At the general graphics level, the game is fairly simple in terms of hardware. The rules, on the contrary, offers illustrations a little like the old American manuals for soldiers. It may be a bit confusing at first but it's pretty good and it works well. The rules are rather well written, even if there are some mistakes (or things forgotten) that will certainly be corrected in the final version.
So hard to talk about the card game version as I do not know at all what it will bring or how it will be played, even if I guess it's the same game. By cons, the wood version is very pleasant. Whether aesthetically or practically, this edition will appeal to fans of this style of game.

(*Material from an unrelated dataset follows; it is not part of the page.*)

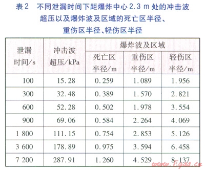 取環(huán)形縫隙泄漏流量為7.882×10-4m3/s規(guī)格為l5mm的燃?xì)夤艿?/font>[8],泄漏時(shí)間分別取l00、300、600、900、1800、3600、7200s。例:2.3m處Dp=52.28kPa,Dp=44kPa處>2.3m。沖擊波、爆炸波及區(qū)域破壞半徑采用不同方法計(jì)算,前者采用式(3)、(4)計(jì)算,后者采用式(5)~(7)計(jì)算。不同泄漏時(shí)間下距爆炸中心2.3m處(內(nèi)墻位置)的沖擊波超壓以及爆炸波及區(qū)域的死亡區(qū)半徑、重傷區(qū)半徑、輕傷區(qū)半徑見(jiàn)表2。

Clash of the Ardennes is finally a perfect abstract game for those who like to think and find themselves facing situations of blockage where the only way to win it effectively is to take advantage of an opponent's mistake. I advise you to play with people of the same level as you, at the risk of quickly finding yourself in a situation of imbalance. Not due to the game, but to your way of playing. Clash of the Ardennes is a game without chance. Everything is controllable. Suddenly, from one party to another, there can be no novelty or no surprise. All information is visible and known to all. It is a pure strategy game where everything will be based on the global evaluation in real time of the situation, the laying of the pieces but especially the establishment of long-term action plans. Plans that can sometimes be harmed by expensive blocking, but necessary for the slowdown of the enemy advance.

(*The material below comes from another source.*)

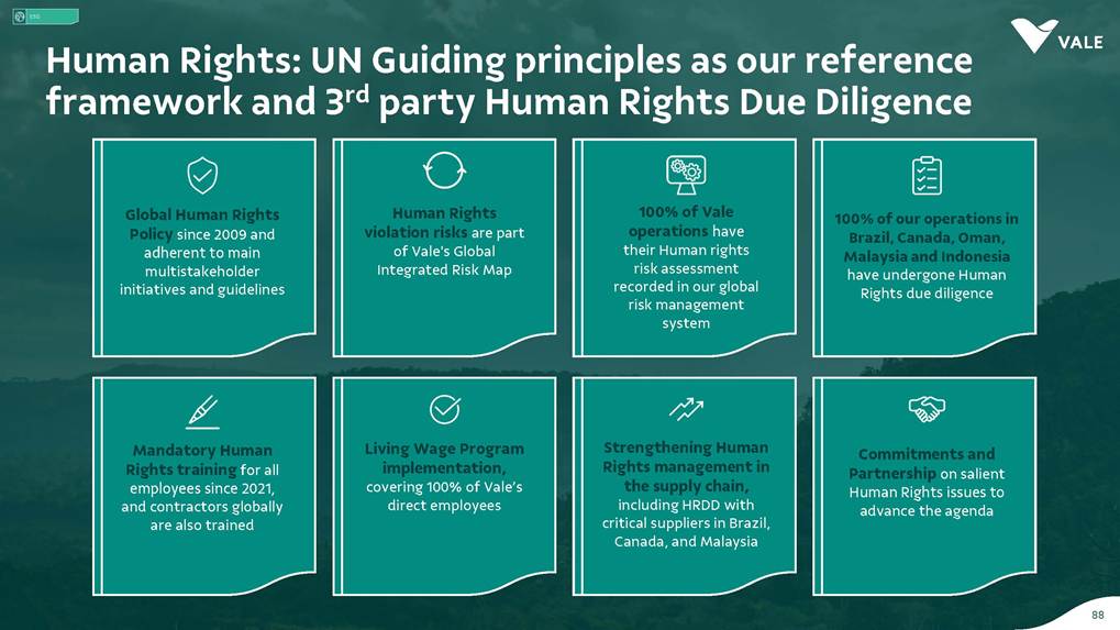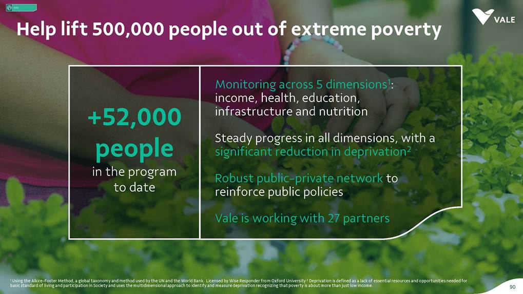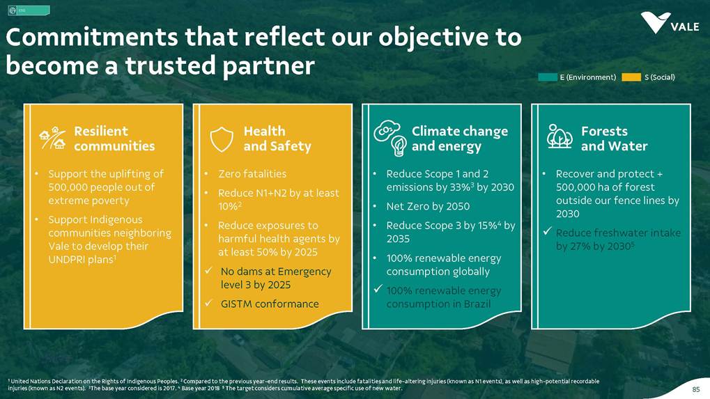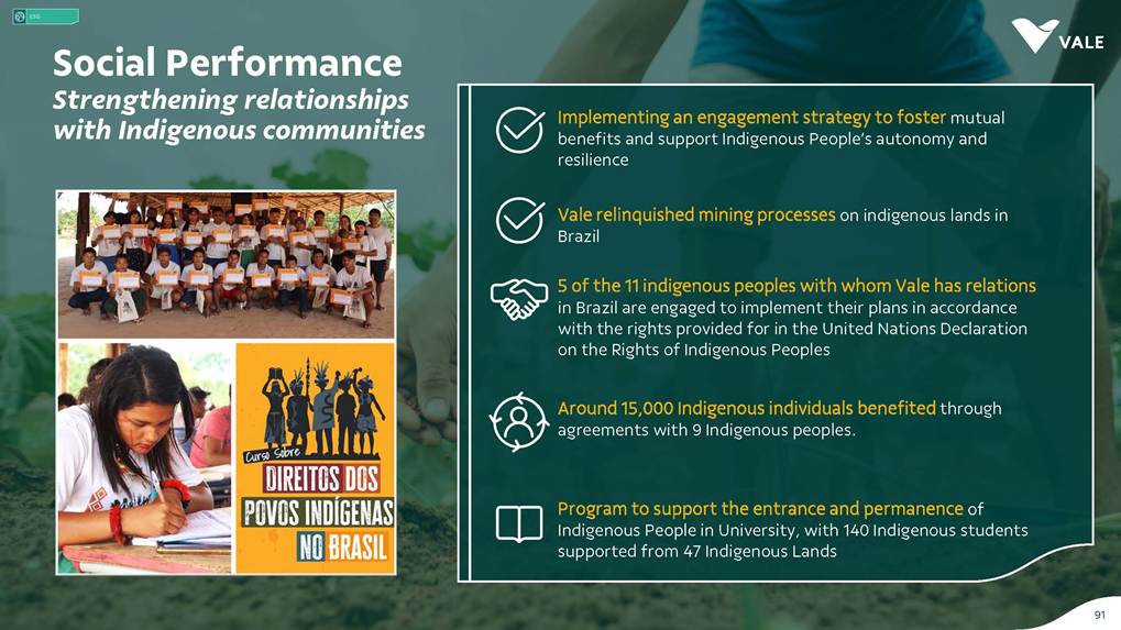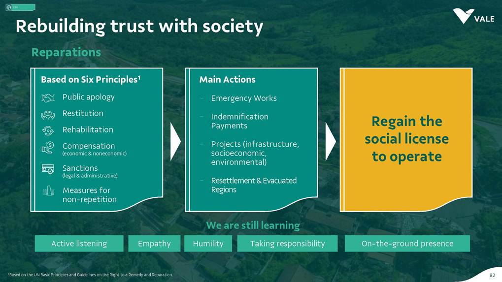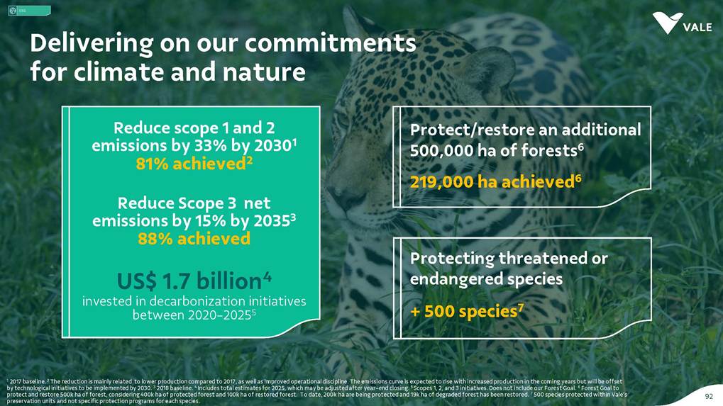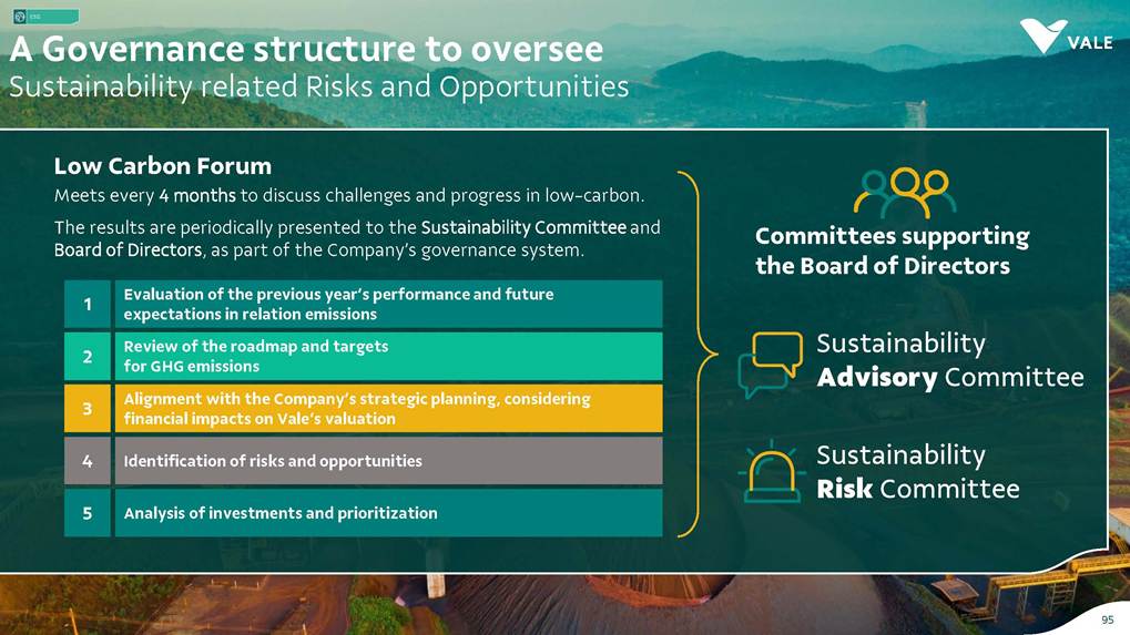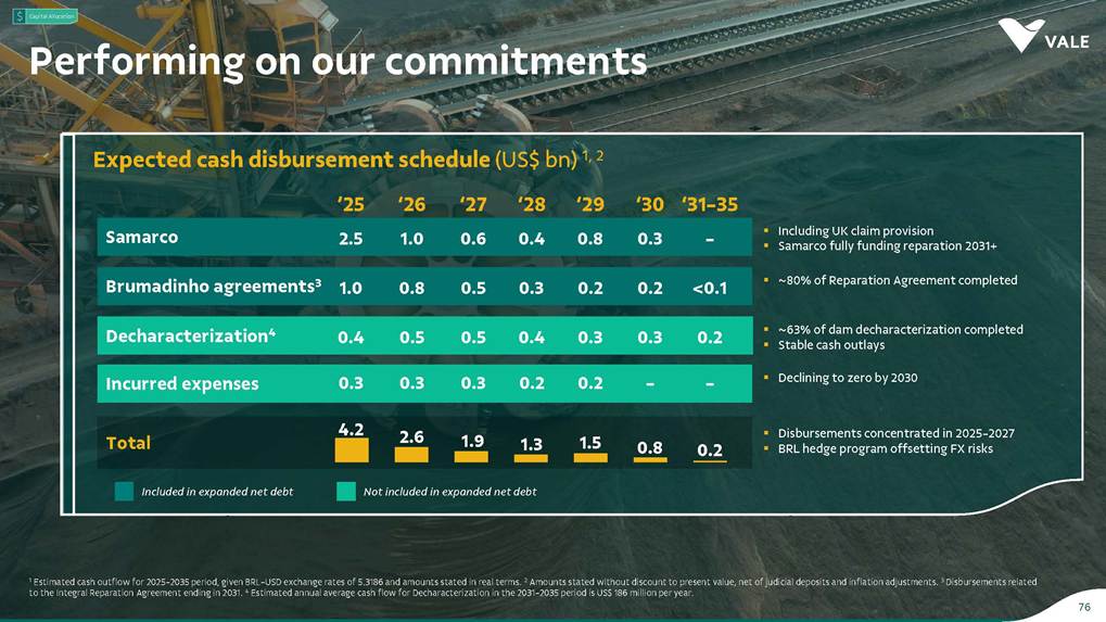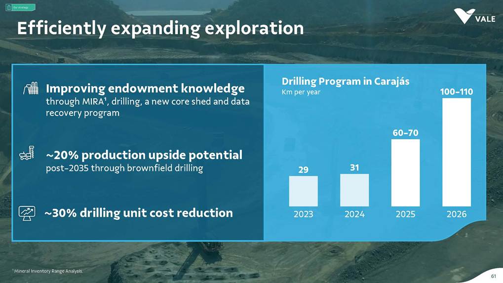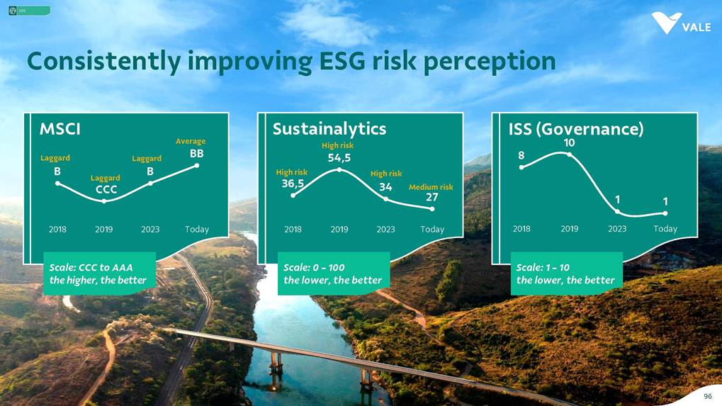 1 Institutional Presentation Investor Relations December 2025 2 AboutVale ESG Iron OreSolutions Vale Base Metals OurStrategy Capital Allocation AboutVale 3 #2 in iron ore production ~20% of seaborne market #6in nickel production Largestiron ore pellet producer #11 in copper reserves ~20 Bt We are one of the leadingIron ore, Nickel and Copper producers globally Note: As of 2024. About Vale 4 Vale at a glance About Vale 328MtIron ore 37MtPellets 348ktCopper 160ktNickel 2024 Production US$ 38.1 bn Net operating revenue in 2024 Expanded net debt of US$ 16.6 bn as of October 31, 2025 100% of electricity consumed in Brazil from renewable sources US$ 15.4 bn Proforma EBITDA in 2024 US$ 6.0 bn CAPEX in 2024 Industry leader in TRIFR (1.1) in 2024 US$ 3.9 bn in dividends & Interest on Capital paid in 2024 19 of 30 dams Decharacterized1 and no dams at Emergency Level 3 US$ 0.4 bn Disbursed on share buybacks in 2024 Key Markets – by revenue (2024) 11% 12% 18% 49% 3% Middle East 3% Rest of the world 4% North America SouthAmerica Europe Asia ex-China China Workforce of 64 thousand direct employees in 2024 5 1 As of Dec 2025. Australia Oman U.A.E. Malaysia India Singapore Japan USA Chile Brazil Argentina¹ Peru Diversified shareholder base and strong governance Note: Previ is a shareholder of Litel Participações S.A. (Litel) and Litela Participações S.A. (Litela), which w r p rt of V ’s form r contro group. B ckrock is r port consi ring Sch u 1 F, fi with th SEC on F b 15, 5, n Br sco’s t b s estimate on December 31, 2024. Treasury: position held by the companies MBR S.A., Vale Holdings B.V. and Vale S.A. The number of shares is presented based on the information contained in the share books of Vale. 6.0% Treasury 8.7% Previ 6.3% Mitsui&Co 6.1% Blackrock 72.9% Others Shareholder structure Novo Mercado B3's highest corporate governance segment. Vale's shareholder composition November 2025 Stock Exchanges B3 (Brazil) - VALE3 NYSE (ADR) - VALE Shareholders with 5% or more of the total capital Others − Majority independent BoD − All BoD members are non-executive directors − Chairman and Vice-Chairman are elected by shareholders − Audit and Risks Committee entirely composed of independent Board members. − Lead Independent Director role − Nominating Committee defines BoD nominees Best governance practices 7 About Vale Corporate Governance About Vale Executive Board Board of Directors1 CEO Gustavo Pimenta Finance & IR EVP Marcelo Bacci IO OperationsEVP Carlos Medeiros Commercial and New Business EVP Rogério Nogueira Technical EVP Rafael Bittar People EVP Samanta Pillar Legal AffairsEVP Sami Arap SustainabilityEVP Grazielle Parenti Click here to cc ss th fu inform tion bout V ’s Bo r of Dir ctors n Ex cuti Bo r . 1 The data takes into account the composition of the Board of Directors on May 7th, 2025. 2.7 years Average Tenure 13 Members 8 (62%) Independent Members 3 Women 4 Racially/ethnically diverse 4 Non Brazilians 8 Our journey Vale doRio Doce was founded Tubarão port inauguration CVRD rebranding to About Vale 9 1942 1956 1967 1969 1985 1997 2006 2009 Carajás discovery First pellet production 1st ore producedat Carajás and inauguration of the Carajás Railway (EFC) CVRD’s privatization INCOacquisition Our journey S11D operations start-up Samarco’s dam collapse 2010 2011 2015 2016 2017 2018 2019 2021 2023 2024 2025 Oman operations start-up Portfolio: divesting the aluminum business Governance: Migration to the Novo Mercado Portfolio: divesting the fertilizer business Portfolio: divesting the manganese business and Brumadinho’s dam collapse Portfolio: divesting the coal business Briquette operations start up and Base Metals Carve-out Vargem Grande and Capanema project start-ups Novo Carajás program About Vale 10 A focused companywith two unique and irreplicable businesses Vale Today About Vale 11 Iron Ore Solutions Vale Base Metals Iron OreSolutions 12 From the Mines to the Customers 13 Iron Ore Solutions Mineral Explorationand Projects Geology and Mine Planning Mine Operation Mineral Processing Pelletizing Railroad Logistics Port Logistics Shipping Logistics Blending and Distribution Centers Sales and Marketing Planning Products and Quality Iron Ore for the Steel Industry Vale’s mai ir re pr ucts Iron Ore Solutions Iron ore fines Carajás fines Brazilian Blend Fines Pellet Feed China (PFC) − 65% Fe − Low contaminants (silica, alumina and others) − Mined from the Northern System − 63% Fe − Low-alumina − Produced from blending Carajás and high-silica fines − ~63% Fe − Low-alumina − Pellet feed concentrated in Chinese facilities Mid-Grade Carajás − ~63% Fe − Low-alumina and Low-phosphorus − Mined from the Northern System Direct Reduction pellets Blast Furnace pellets BriquettesDeveloped by Vale − Agglomerates for direct charge in Direct Reduction Furnaces − Agglomerates for direct charge in Blast Furnaces − Same application as pellets in BF and DR furnaces − Lower CO2 emissions compared to pellet production − Commercial production ramping-up Agglomerates 14 Brazilian States: MA = Maranhão PA = Pará MG = Minas Gerais ES = Espírito Santo RJ = Rio de Janeiro Iron Ore Solutions 15 Vale operates three iron ore production systems in Brazil, which include mines, processing plants, railways and port facilities Southern System PA MG EFC EFVM MRS Ponta da Madeira Port (PDM) - São Luís - MA Tubarão Port - Vitoria - ES Itaguaí Port (CPBS) - RJ Guaíba Port (TIG) - RJ MA RJ ES Northern System Southeastern System Vale operates three iron ore production systems in Brazil Note: EFC is the Carajás Railway and EFVM is the Vitória-Min s R i w . MRS is V ’s r i w subsi i r . Northern System Southeastern System Southern System − 3 mining complexes − EFC - 997 km railway − 5 berths (3 Valemax berths) Serra Norte Serra Sul Serra Leste Carajás National Forest Cauê Belo Horizonte Conceição Alegria Timbopeba Brucutu Água Limpa Fazendão Itabi

Easy to play, Clash is not less difficult to master. It is typically the game that will require several plays to begin to make those good decisions. I'm not talking about winning or grabbing lines but doing it the best way. Optimize your costs while taking calculated risks. It is a game that in a simple aspect can finally put off the less patient or those looking for a game that tells a story. Because even if sometimes we can imagine the attacks and counter-attacks of the time, the theme is just an accessory. An accessory that participates in the coating but does not allow for full immersion. I enjoyed playing it but it's not necessarily a game where you come out of a game saying "I had fun." Or in a calculating way (if such a fun can be measured), almost neural.
Clash of the Ardennes is a well-thought-out game that deserves special attention if you like the puzzle genre or blocking abstract game. Each part will put your senses and your capacity for anticipation and reflection to the test. The wood version is a big bonus (pay attention to the delivery date) undeniably. I admit that without this version, I'm not sure that I would have enjoyed it as much. But even if it's not necessarily my style of play, I enjoyed playing and replaying it. Easy to play, explain and carry, for those who like the genre go for it! You will find your pleasure.
Barry's First Impressions :
This is an original idea for an abstract game. The theme carries it in part, as technically it is getting from one side to the other, which is reminiscent of the other abstract game Quoridor. Simple in its idea and and elegant in the mechanisms of simply placing pieces in front of pieces but also having your opponent go head-to-head against you . Tie in the visual aspect of each piece being a different size plus each piece being part of a rock scissors paper system and you have some interesting combinations. Added to that are some unique pieces that can change up the game and immensely.
Although it does fall into the same trappings as other games of this ilk. Which is the stalemate scenario. Weather is a lot of to and fro, while competing for that final road. This is unless you're playing against an inexperienced player. This is a perfectly designed two player abstract game, which will please anyone in terms of its mechanisms. And also in terms of aesthetics, this could be a wonderful item to have on your coffee table.